Do you have the desire to be an entrepreneur?
Are you psychologically strong enough to be an entrepreneur?
Take a look at the following article where it touches on the 6 tests that you need to take in order to be qualify to be prepared to be an entrepreneur.
When most people think about entrepreneurial potential, they tend to gravitate toward intellectual categories of thought: How much business knowledge or acumen do you have? How much experience have you held in this particular industry? Are you creative enough to come up with innovative new approaches?
The answers to these questions are important, but they ignore an entire realm of entrepreneurial traits attached to psychological and emotional health. Entrepreneurship is a demanding gig, and if you aren’t mentally ready for the challenge, it might do more than ruin your attempts to succeed in business — it could negatively impact your life.
Do you have what it takes — mentally and emotionally — to be an entrepreneur? Here are six tests you’d better be ready to face if you want to become an entrepreneur:
First, you’ll need to be prepared to face adversity.

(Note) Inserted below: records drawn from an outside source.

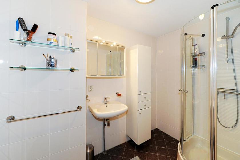 De BADKAMER is eigentijds ingericht met een douchecabine, een vaste wastafel, een spiegelkast, medicijnkastje en een designradiator.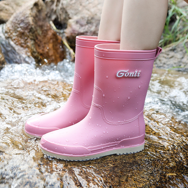 雨靴の女性の中筒ファッションの外に防水雨靴を履いています。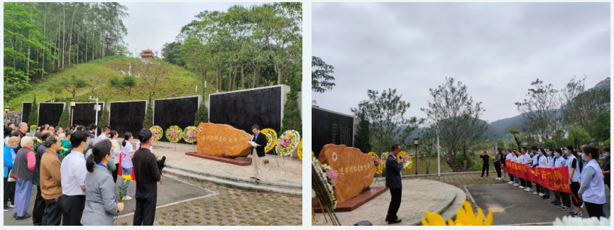 根据广州市红十字会的统一安排,“2023年广州市遗体捐献者纪念活动”于3月28日、4月3日分别在新塘华侨公墓(中华永久墓园)和黄埔福山公墓顺利举行,我院志愿捐献遗体登记接受站、人体解剖学教研室、学院团委学生会、“医志医声”学术科普协会、五年制学生第一、第三、第五党支部共同参加。学院师生代表和遗体捐献志愿者家属共计220多人分别出席了两场追思纪念活动,共同拜祭、缅怀已实现捐献遗体弘愿的大体老师们,向先贤们表达了崇高敬意和深切缅怀。

You’ll be challenged and opposed as you try to develop your business into a successful enterprise, whether that occurs in the rise of a new competitor or a marketing strategy you can’t quite figure out. There are many potential responses to adversity, but the two big ones are intimidation and resilience.
With intimidation, you may give up in response, or you may continue moving forward but bear stress, doubt, and fear that affect your work in the future. With resilience, you’ll view adversity in a healthier way, understanding it as a temporary setback and committing to work past it.
Look at historical examples in your life; how well do you respond to adversity?
It’s no secret that startups are high-pressure environments, and as an entrepreneur, you’ll be in the hot seat. You’ll have investors asking you about future payoffs, you’ll have clients pushing your deadlines and threatening to leave and you’ll have teammates wondering about the future of the company. The stakes are high, and you’ll be the focal point for many individuals relevant to your business.
How well do you function in a high-pressure environment?
On top of that, you’ll face a level of accountability you may not be used to. There’s nobody above you that can step in to help you make decisions or bear partial responsibility when things go wrong. There won’t be anybody below you, either, making major decisions without your say-so (at least in the early stages).
You’ll be making all the major decisions yourself, and you’ll be the one responsible if anything goes wrong. Your investors, clients and employees will all be ready to blame you, which will make the decision making process even more stressful.
Are you prepared to handle this level of accountability?